Wypadek na Trasie Łazienkowskiej. 20-letnia Paulina walczy o życie w szpitalu
Tragedia, o której rozpisują się media krajowe, miała miejsce na Trasie Łazienkowskiej w Warszawie. Czwórka mężczyzn, która podróżowała białym volkswagenem Arteonem, tuż przed wypadkiem spożywała alkohol na Placu Konstytucji. Po krótkiej imprezie wszyscy udali się do jednego z lokali tanecznych na Pradze. Chwilę później doszło do zdarzenia. Z gigantyczną prędkością wbili się w tył osobowego forda, którym jechała rodzina z dziećmi.

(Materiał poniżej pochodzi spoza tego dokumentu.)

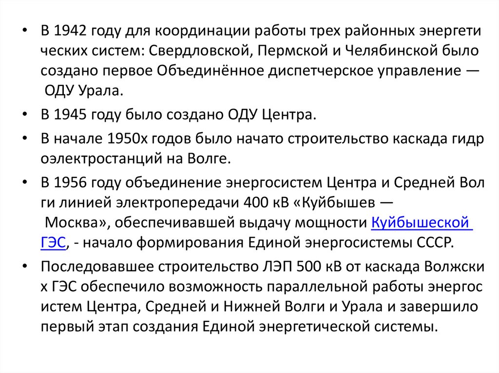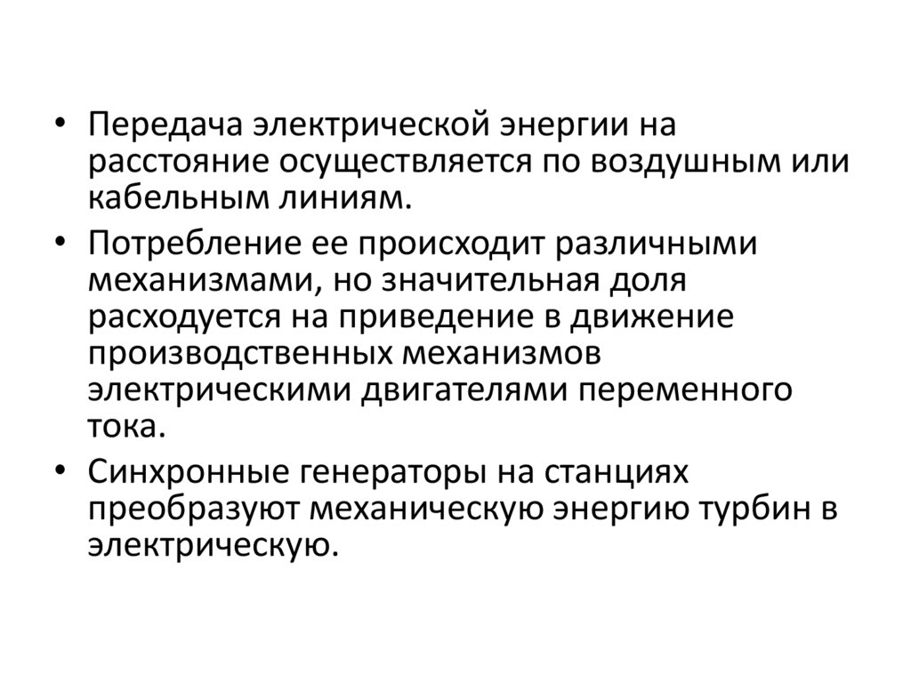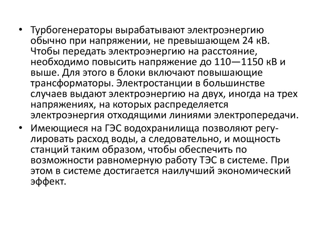 • Электрическая энергия, вырабатываемая на двухэлектростанциях различных типов, подводится к

Podróżujący białym Arteonem nie tylko nie udzielili pomocy poszkodowanym, ale także z premedytacją odciągali innych świadków zdarzenia od udzielania rannym wsparcia. Śledczy przyznają, że od lat nie spotkali się z tak dużą skalą poplecznictwa i mataczenia w sprawie. Osoby obecne na miejscu wręcz namawiały sprawcę, by uciekał, a potem pomagały mu w ukrywaniu się.
Autem podróżowała również 20-letnia Paulina. W stanie krytycznym trafiła do szpitala. Od dnia wypadku, walczącą o życie dziewczynę, odwiedzają najbliżsi. Reporterce „Super Expressu” udało się spotkać z jej rodziną. To, co przekazała nam mama dziewczyny, wbija w fotel.

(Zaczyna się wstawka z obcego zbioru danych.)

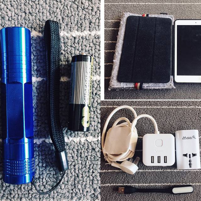 A:公牛智能迷你插座(带USB插口)、micro usb线*3、苹果充电线*3、国际旅行充电器*1、LED阅读灯(USB口)、袖珍手电筒*1、Pad mini*1、Apple USB相机转换器*1

− Po tym jak uciekł z miejsca zdarzenia, pojechał na kolejną imprezę. Podobno zażywał narkotyki i świetnie się bawił. Mówił swoim znajomym o tym, że Paulinka prawie złamała się pod siedzeniem − opowiada nam Karolina (40 l.), mama rannej.
− Następnego dnia dzwonił do nas i mówił, że ucieka do Hiszpanii. Następnym razem mówił, że był już w Austrii, a potem przy Broniewskiego w Warszawie − wtóruje jej chrzestna 20-latki. − Rozmawialiśmy z nim, mówiliśmy, żeby sam się zgłosił na policję, żeby nie uciekał, że podam jego numer do policjanta, bo i tak prędzej czy później go znajdą. Powiedział nam, że się nie zgłosi i wyłączył telefon − dodała matka.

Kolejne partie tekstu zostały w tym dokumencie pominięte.